Tim Riley and Katherine Van Dusen Randazzo are both Carlsbad residents. Katherine and her husband made the move to Carlsbad about four years ago to be closer to her 98-year-old mother. “This area has the best weather and the best proximity to shopping and dining,” gushed Katherine. Tim, on the other hand, has lived in the community for 30 years and he loves Carlsbad for “the diversity of people and the ability to be outdoors all year long.” But living in Carlsbad isn’t the only thing these two have in common; they are also both passionate about volunteering for a local nonprofit group called Voices for Children – an organization that recruits and trains volunteer Court Appointed Special Advocates (CASAs) to represent and advocate for San Diego’s foster children.

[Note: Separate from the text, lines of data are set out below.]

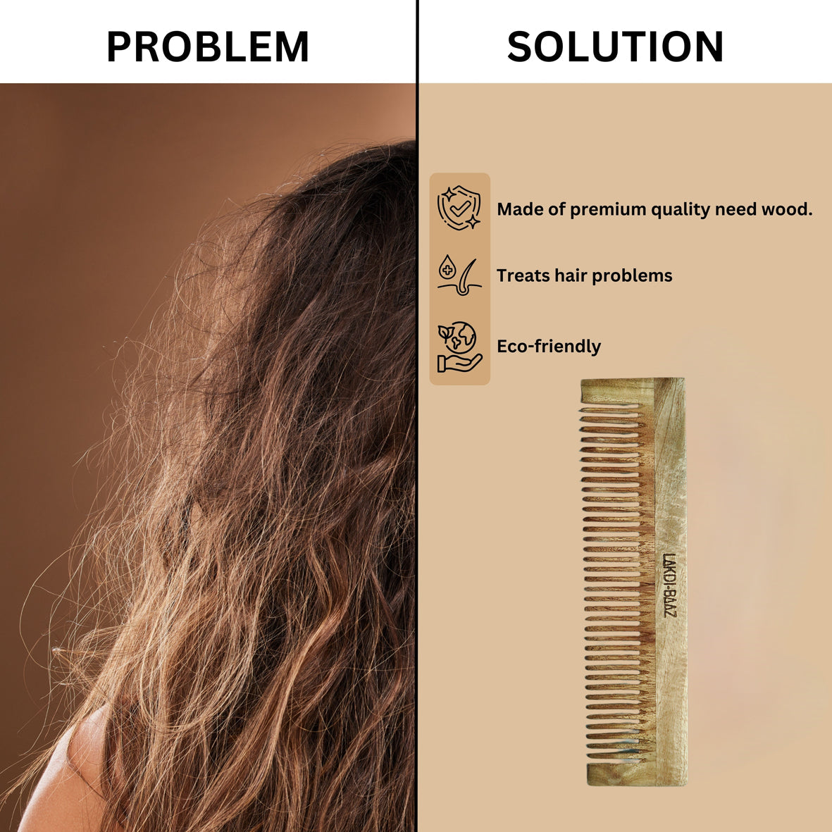 Buy Lakdi-Baaz | Neem Wood Comb for Hair Growth Wide Wooden Comb Kangha For man and woman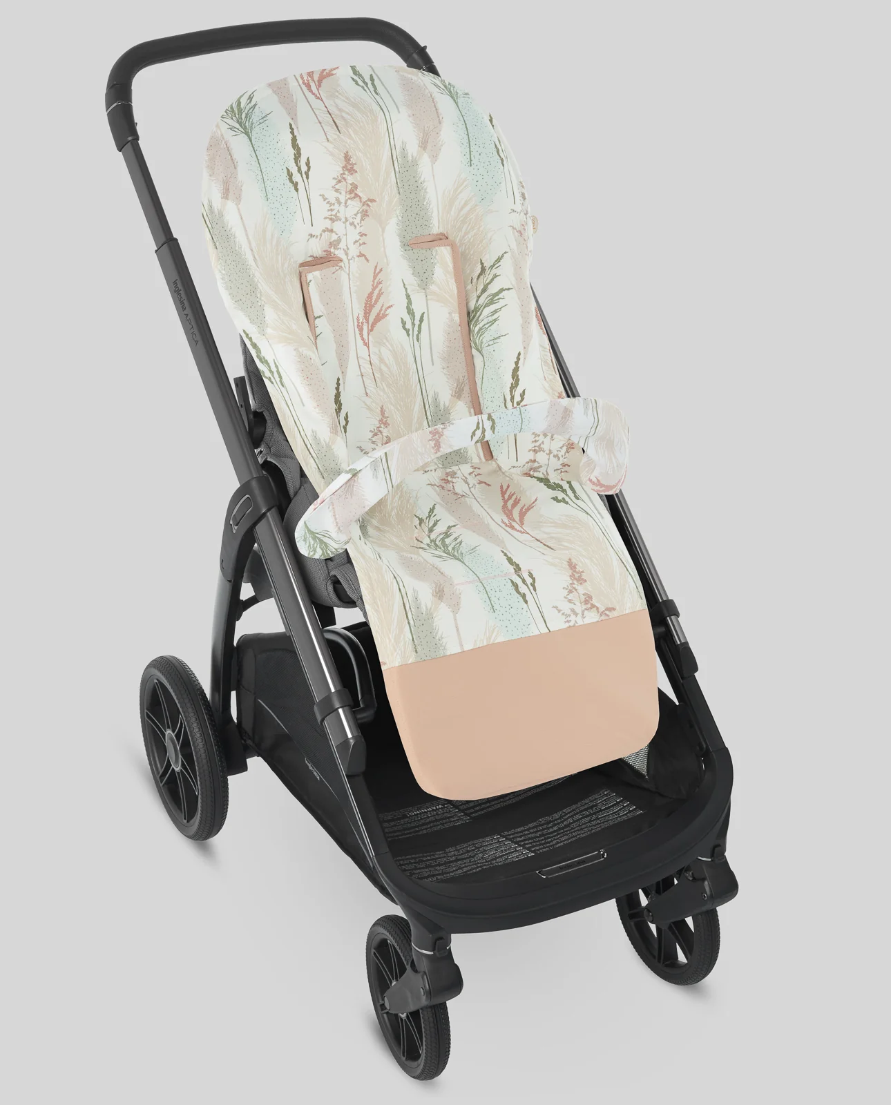 Colchoneta para sillas de paseo confeccionada en satén de estampado plumas. Cubre barra a juego y refuerzo de polipiel en los pies.
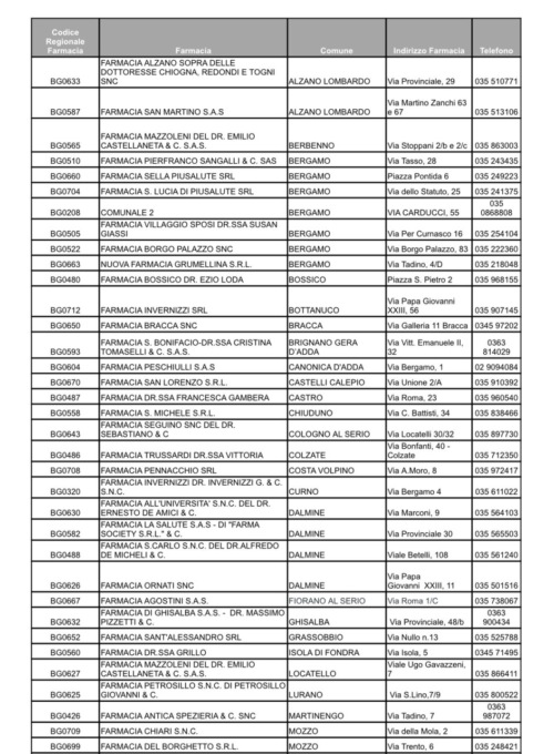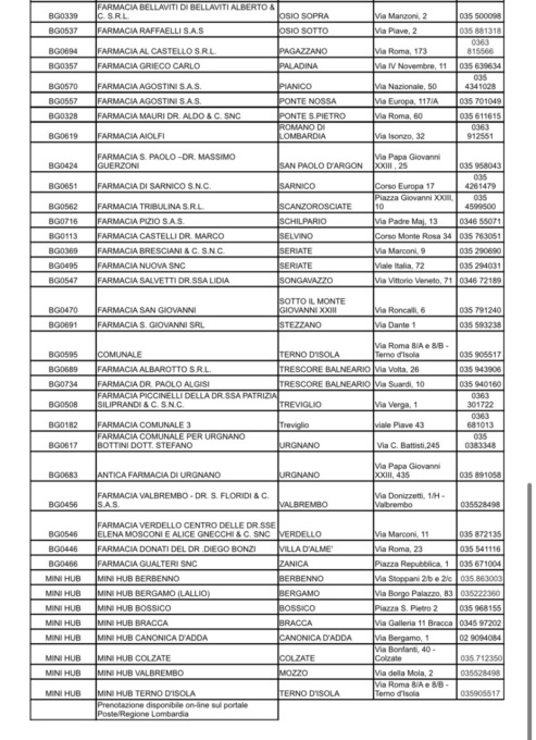 I centri vaccinali attivi in provincia di Bergamo sono: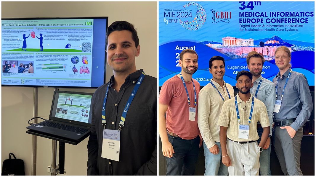Alexander Brenner, Yannik Warnecke, Michael Fujarski und Julian Varghese vom Institut für Medizinische Informatik der Universität Münster ist bei der diesjährigen Konferenz „Medical Informatics Europe“ (MIE) in Athen der Preis für das beste Poster zuerkannt worden. Der Titel des ausgezeichneten Posters lautet „Mixed Reality in Medical Education – Introduction of a Practical Course Module“. Dabei geht es um die erfolgreiche Einführung von Mixed Reality-Technologien in der medizinischen Lehre, welche das Einblenden von digitalen Inhalten in die reale Welt und eine intuitive Interaktion von realen und virtuellen Objekten ermöglichen. Vor dem Hintergrund einer zunehmenden Digitalisierung besteht ein wachsendes Potenzial für den Einsatz von Mixed Reality (MR) in der Medizin. Zukünftige Ärztinnen und Ärzte sollten mit den Möglichkeiten und Techniken von MR vertraut gemacht werden. Deshalb wurde an der Medizinischen Fakultät der Universität Münster ein neuer Kurs entwickelt, um Medizinstudierenden praktische Erfahrungen mit MR zu vermitteln. Dafür programmierte das Forschungsteam eine App für das MR-Headset HoloLens 2, die das gemeinsame Betrachten, Bewegen und Zeigen von verschiedenen anatomischen (Herz-)modellen erlaubte. In praktischen Aufgaben sollten die Studierenden entsprechende Krankheitsbilder oder anatomische Strukturen wie Koronar-Arterien anhand der Modelle beschreiben und darstellen. Zum Abschluss diskutierten die Studierenden ihre Eindrücke sowie Vor- und Nachteile der Technologie.

“I found out about CASAs while at jury duty,” recalled Tim. “The mystery of being handed a case and walking into the life of a complete stranger and helping them navigate their way to a goal that you tease out of them is the most exhilarating and rewarding thing I have ever done.” Tim explained that his role as a CASA is to be a “fact-finder” and an “extra set of ears and eyes” for the overseeing judges. “The classroom and online training was comprehensive and practical and prepares you for what to expect,” he elaborated.


Name: Tim Riley
Communtiy: Carlsbad
Volunteer Affiliation: Voices for Children
Family: Married with 2 children
Hobbies: Golf, travel, road biking on PCH


Name: Katherine Van Dusen Randazzo
Communtiy: Carlsbad
Volunteer Affiliation: Voices for Children
Family: Husband, two sisters, three nieces and nephews, one mother of 98 years
Hobbies: Staying fit, watching tennis, playing with our cats (and dogs when we have them), reading both fiction and non-fiction


Before volunteering as a CASA, Katherine had thought about being one for many years. “One of my abiding passions is helping abused and neglected children,” shared Katherine. “When I finally reduced my work hours enough that I could make this commitment, I looked up the organization and called to start.” She added that her primary role as a CASA is looking for ways to get her case child what she needs. “A CASA is a person the child can trust to stay with her through thick and thin,” noted Katherine.

Both Tim and Katherine admit that volunteering as a CASA does not come without its fair share of obstacles. “Developing the initial trust and building a relationship in the beginning is challenging,” said Tim. “Overcoming bureaucratic and other obstacles that stand in the way of realizing the dependency court’s mandate of acting in the best interests of the child,” added Katherine. But these volunteers also agree that the rewarding aspects of the job far outweigh its challenges. “While the youth clearly benefits, the rewards that come back to the CASA are huge,” said Tim. “It is easy for the child to fall through the cracks of the system,” stated Katherine. “Seeing that you have really made a positive difference in the child’s life is extremely rewarding.”